The sometimes teeming number of pitches in a free style piece begs the question of how these are cognitively represented by the listener. Do we hear "27/16" and "5/3" as the same pitch in different intonations or as different pitches altogether? In a piece of mine, such distinctions were shown to be categorically blurred in the listening experience. It was argued that while this blurring may be the most normal for pieces in free style—that is, we do not perceive a move from "27/16" to "5/3" as a modulation in the same way as changing a B to Bb in Equal Temperament would—this can change depending on how the composer constructs her piece. Pieces by Sabat and Lamb seem to suggest listening practices in which pitches commas apart can be distinguished categorically.
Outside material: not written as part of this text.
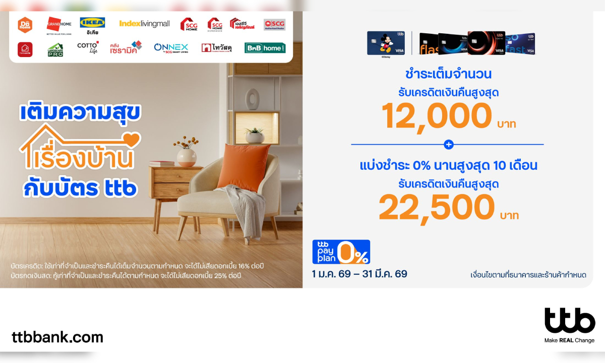 ทีทีบี มอบความคุ้มค่าให้กับคนรักบ้าน ชวนสมาชิกบัตรเครดิต และบัตรกดเงินสด ttb ช้อปสุดคุ้มสินค้าเกี่ยวกับบ้านตั้งแต่ต้นปี ไม่ว่าจะเป็นเฟอร์นิเจอร์ ของตกแต่ง หรือวัสดุก่อสร้าง จากร้านค้าพันธมิตรชั้นนำ ได้แก่ Do Home, GRANDHOME, IKEA (เฉพาะ IKEA Thailand และเป็นสกุลเงินบาทเท่านั้น), Index Living Mall, SCG (เฉพาะที่ SCG HOME Experience, เอสซีจี เจริญภัณฑ์, ร้านค้าที่มีสัญลักษณ์ SCG Authorized Dealer เฉพาะร้านที่ร่วมรายการ, Cotto Life และคลังเซรามิคที่ร่วมรายการ, ช่องทางออนไลน์ของ SCG Home Experience และ SCG Living and Housing Solution (HomeSmile), Landscape PRO, ONNEX by SCG SMART LIVING, www.scghome.com, www.cottolife.com), ไทวัสดุ และ BnB Home โดยลูกค้าสมาชิกบัตรเครดิต และบัตรกดเงินสด ttb ที่มียอดชำระตั้งแต่วันที่ 1 มกราคม 2569 – 31 มีนาคม 2569 จะได้รับสิทธิพิเศษ ดังนี้

Within the free style, perhaps we can talk of two sub-categories which represent the two ends of a possible continuum: music that readily invites a simplified organization into focal pitch classes, and music that readily invites separating comma-distanced intervals categorically.
Loose style
Table 2
While the strict and free style, and the importance of properly distinguishing between them, was already introduced by Lou Harrison, the intermittent loose style is introduced here for the first time. Its most salient characteristic is a hierarchical ordering of pitches that dictates intonational fluidity. Some pitches, structural in nature, are fixed, while the remaining pitches are free. Pitches low in the hierarchy can be freely replaced by their neighboring variants (distanced by commas), while the structural pitches higher up in the hierarchy can under regular circumstances not (if not intentionally used for a modulatory effect, they will sound out-of-tune). In my loose style pieces, the structural pitches are often 'typical' structural pitches such as ["1/1","3/2"] or ["1/1","4/3", "3/2"]. The ["1/1","5/4","3/2","15/8"]-pattern, in particular, has found its use in many compositions. Three different iterations of this pattern are shown in Table 2. In this table, these four structural pitches are themselves ordered into three hierarchical levels; “1/1” is on the top level, “3/2” is on the second level, and “5/4” and “15/8” are on the third. These three levels reflect how the higher one moves in the hierarchy, the greater the modulatory effect of changing pitches by syntonic commas will be. The fourth level under the structural pitches in the table includes all the other pitches used in the pieces.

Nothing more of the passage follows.